Falando em nome dos pais, Jorge Ascenção pede maior flexibilização curricular para o secundário, já que acredita que com ela nenhum aluno ficará preso a uma escolha errada, tenha sido ela tomada por falta de maturidade ou por outro motivo. “Até ao 9.º ano acho que o sistema está bem, mas a partir do 10.º ano defendo uma maior flexibilização. Em vez de oferecermos pacotes — porque é isso que vendemos aos alunos: ou vai para ciências-tecnológicas, ou para humanísticas, ou económicas —, ele escolheria um conjunto mínimo de matérias, que lhe permitiria no 12.º ano decidir se queria ir para letras ou ciências”, defende o presidente da Confap (Confederação Nacional das Associações de Pais).

“Hoje em dia, os miúdos podem começar numa área e, se perceberem que não é exatamente o que querem, podem mudar com equivalências dadas a algumas disciplinas. Já não ficam presos à decisão. Atendendo a esta flexibilidade administrativa, não vejo problemas em terem de fazer essa escolha no final do 9.º ano”
Filinto Lima, presidente da Associação de Diretores de Agrupamentos e Escolas Públicas (ANDAEP)

No final do 9.º ano, os estudantes têm que decidir se seguem o ensino regular, através de um dos quatro cursos científico-humanísticos (Ciências e Tecnologias, Ciências Socioeconómicas, Línguas e Humanidades ou Artes Visuais), o ensino profissional ou o artístico. Os cursos científico-humanísticos — nem todas as escolas oferecem os quatro — têm uma componente de formação geral, comum a todos os cursos, a que se soma a formação específica, onde também há disciplinas de escolha livre e que cada agrupamento pode oferecer ou não.

Quanto à idade dos estudantes, Jorge Ascenção acredita que para alguns alunos a escolha poderá ter de ser feita demasiado cedo, mas não será esse o maior problema. “Os miúdos têm é cada vez mais dúvidas, porque têm mais informação. Não é como no meu tempo, que era A ou B. Um dos problemas do sistema educativo é exatamente se estamos a ensinar os alunos a escolher e a lidar com a informação.”
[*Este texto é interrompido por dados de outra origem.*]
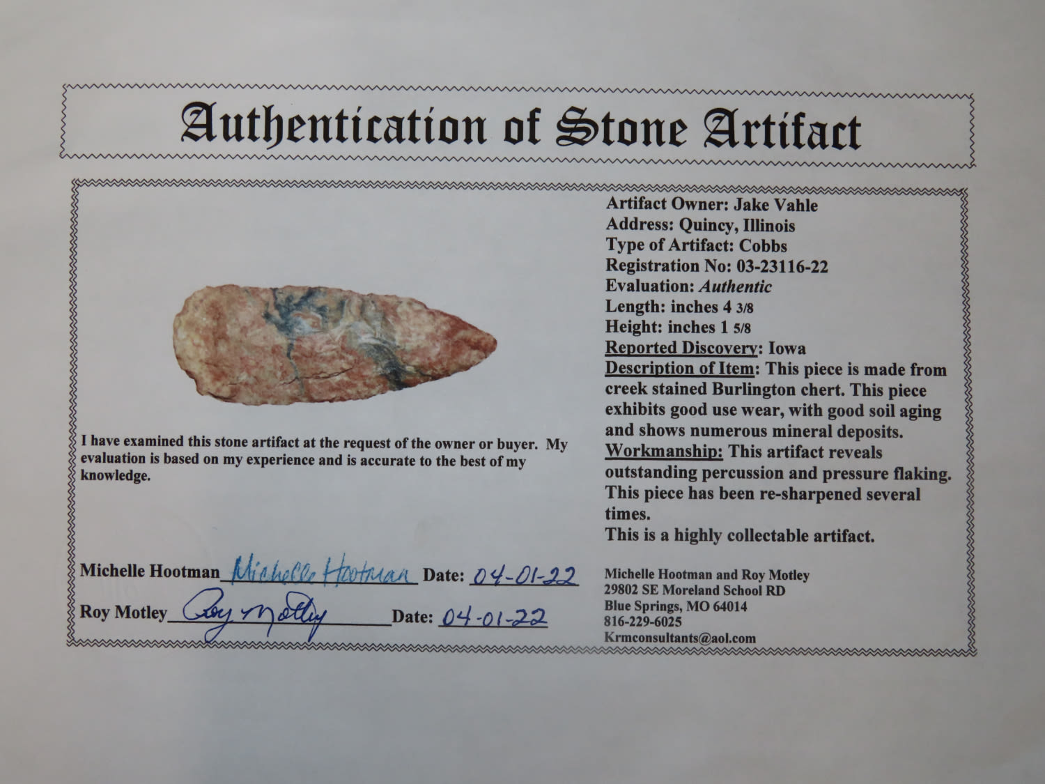 4 3/8″ Colorful Cobbs Blade, Motley COA, found in Iowa

Ao não aprenderem a escolher, considera que alguns estudantes poderão acabar a tomar uma decisão que nem sempre é influenciada pelos melhores motivos. “Às vezes a decisão é influenciada pelos pais e pode correr mal. Ou pelos amigos. Ou pela nota — se o aluno tem 20 diz-se logo que ele tem de ir para Medicina ou, agora, para Engenharia Aeroespacial. E essa pode não ser a sua verdadeira vocação, pode ter uma vocação artística, por exemplo. Há muitos talentos perdidos que não entram nas universidades”, afirma Jorge Ascenção.

Por tudo isto, o presidente da Confap conclui que o erro de base é estar-se a preparar os jovens exclusivamente para uma carreira. “Nós preparamos os jovens para uma profissão, quando o sistema educativo e as universidades têm é de preparar os jovens para a vida. Depois, eles farão a sua carreira. Estar a pensar numa profissão no secundário é absurdo.”